■ GOAL OF THE EXERCISE ■
Nothing but the lines from the start of the data through the line with "資料圖:湘黔桂千名蘆笙手賽蘆" should appear in the answer, each retyped exactly, and pictures should not.
====
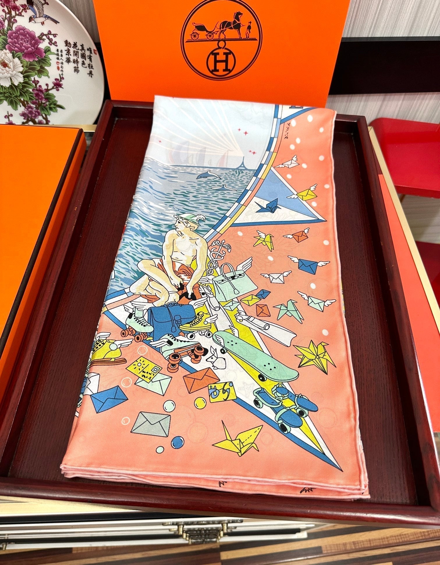 Flagship Silk Scarf 90 CM Pink Orange Colorful
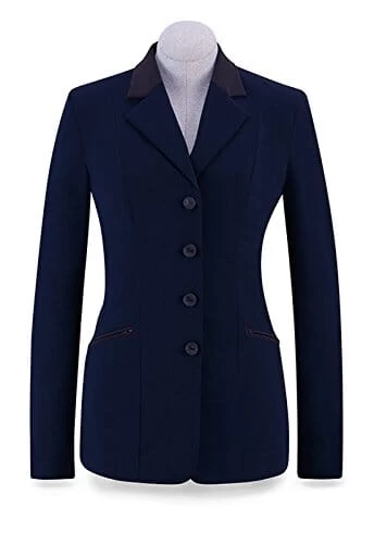 This solid navy coat with brown collar and pocket detailing is showcased in the new Victory model. This model features 4 front buttons, sleeve buttons, double zipper pockets and a double vented back. The hidden interior zipper eliminates gapping. The fabric used in this colorway is a doublefaced fabric which offers a little more weight and structure to the garment. The fabrics boast high end features including: ultimate stretch, moisture control, machine washability, wrinkle free wear for seamless travel, UV protection equivalent to SPF 50 sunscreen, and Eco-friendly fabric construction. The unconstructed design allows for maximum freedom of movement by eliminating shoulder pads and lining. The impeccably tailored garments with more fitted and shorter silhouettes allow riders to look and feel at the top of their game.
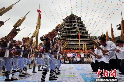 資料圖:湘黔桂千名蘆笙手賽蘆笙慶重陽節(jié)。圖為蘆笙比賽現(xiàn)場。龔普康 攝
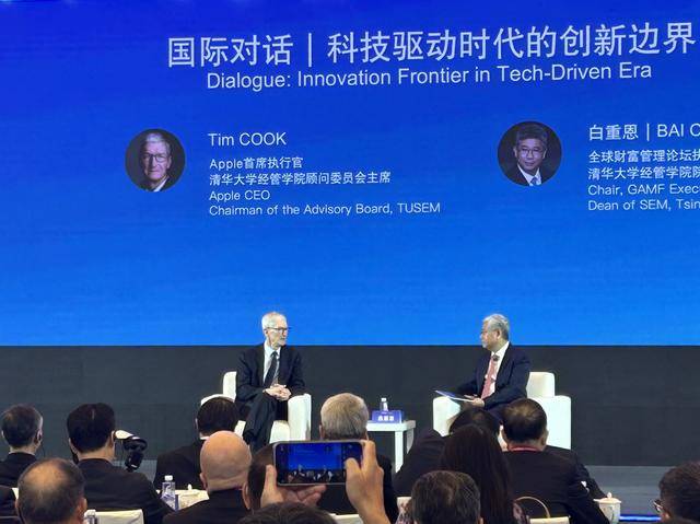 "中国年轻开发者的创造力真的是非常厉害、非常棒,令人非常印象深刻。我拜访了世界各地,我们觉 得中国在这方面是最好的,他们的创造力是最棒的。"库克说。 以"世界变革下的未来之路"为主题的全球财富管理论坛·2025上海苏河湾大会18日上午举行。苹果公司 首席执行官蒂姆·库克与全球财富管理论坛执委会主席、清华大学经管学院院长白重恩进行对话。 库克认为,人们对AI的使用不需要太紧张,AI会带来积极作用。在人们生活的方方面面,AI都给人们 提供了很多帮助,也拯救了很多人。他不担心电脑像人一样思考,但更担心人像电脑那样思考。人需要 保持创新和激情,而不是像电脑一样冷冰冰的。 库克说,他在北京拜访了一家开发公司,这家公司使用AI很好地做美工,令他印象深刻。AI还能非常 自主地进行迭代,发展速度非常快。中国开发者开发程序应用AI的速度也很快,令人难以置信,中国 的开发者社区积极拥抱AI技术。 谈到苹果公司使用AI的情况,库克说,AI应用在苹果已经十分常见,很多人不觉得它是AI,而当成是 日常工作的一部分。苹果还用AI培训大量销售人员,公司的每个环节都有AI。他表示,如果一家企业 没有部署AI,就会丧失竞争力,也会错失增长收入 ...
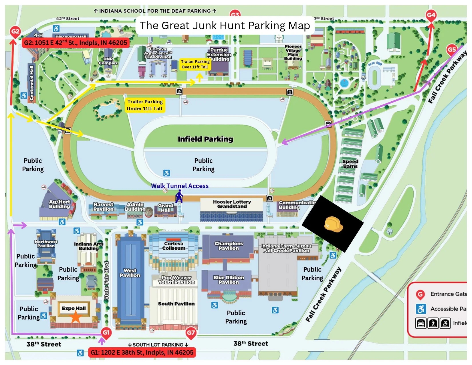 Trailers/trucks OVER 11 ft tall cannot park in the infield lots, a special lot is noted for them on the map below.
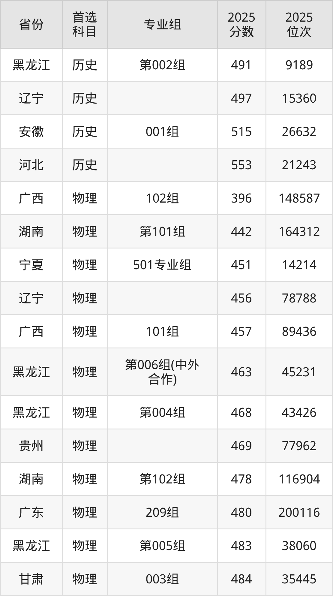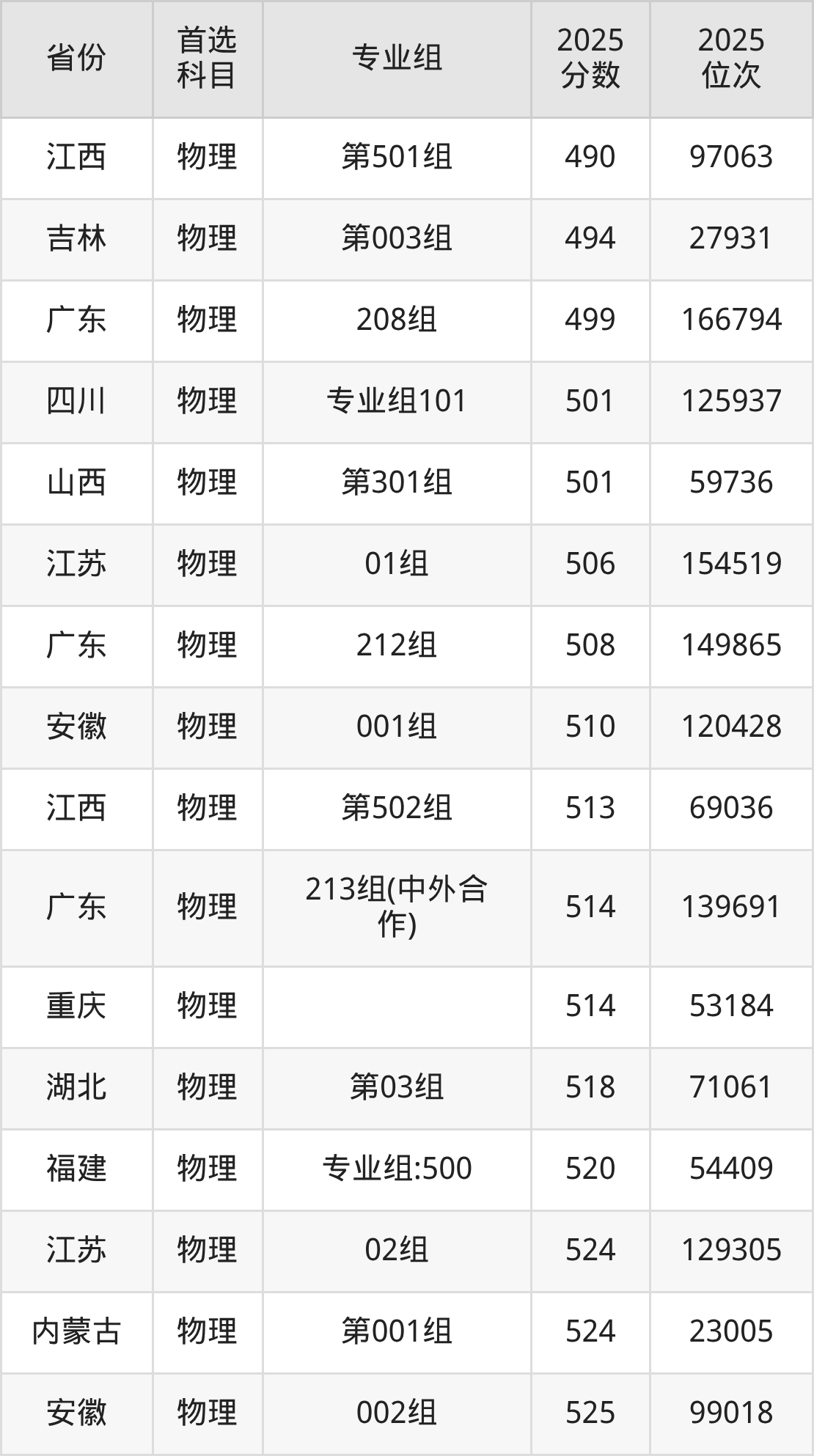 物理类最低分对应地区为广西(102组),录取位次为148587,超本科线26分;最高分对应地区为广东(211组),录取位次为93971,超本科线105分。
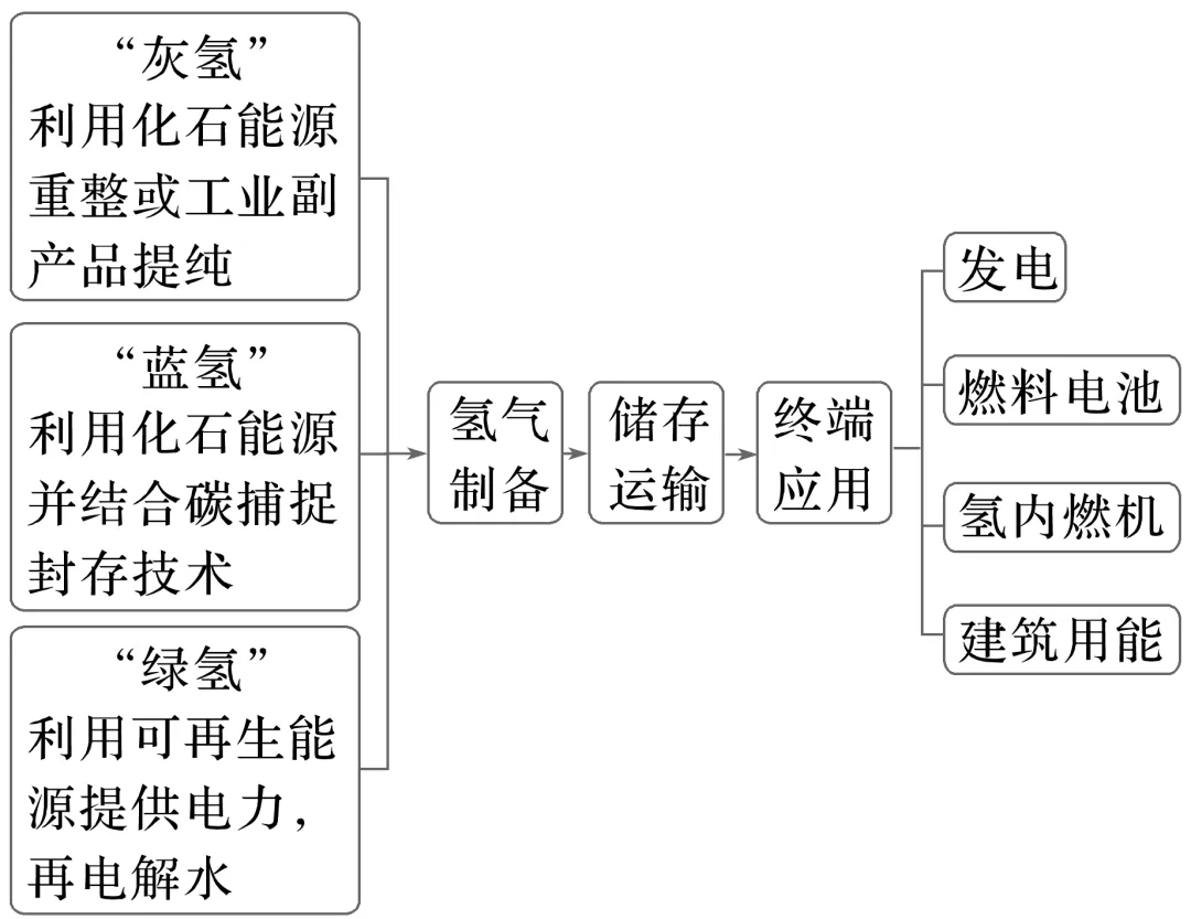 (2022·辽宁地理)张家口地区的东南部为山间盆地,地势相对平坦,水资源丰富。该地区利用充沛的风能、太阳能资源,建设了绿氢生产基地。下图为“氢能产业链示意图”。据此完成13~14题。
====
■ RESULT BELOW ■
 Flagship Silk Scarf 90 CM Pink Orange Colorful
 This solid navy coat with brown collar and pocket detailing is showcased in the new Victory model. This model features 4 front buttons, sleeve buttons, double zipper pockets and a double vented back. The hidden interior zipper eliminates gapping. The fabric used in this colorway is a doublefaced fabric which offers a little more weight and structure to the garment. The fabrics boast high end features including: ultimate stretch, moisture control, machine washability, wrinkle free wear for seamless travel, UV protection equivalent to SPF 50 sunscreen, and Eco-friendly fabric construction. The unconstructed design allows for maximum freedom of movement by eliminating shoulder pads and lining. The impeccably tailored garments with more fitted and shorter silhouettes allow riders to look and feel at the top of their game.
 資料圖:湘黔桂千名蘆笙手賽蘆笙慶重陽節(jié)。圖為蘆笙比賽現(xiàn)場。龔普康 攝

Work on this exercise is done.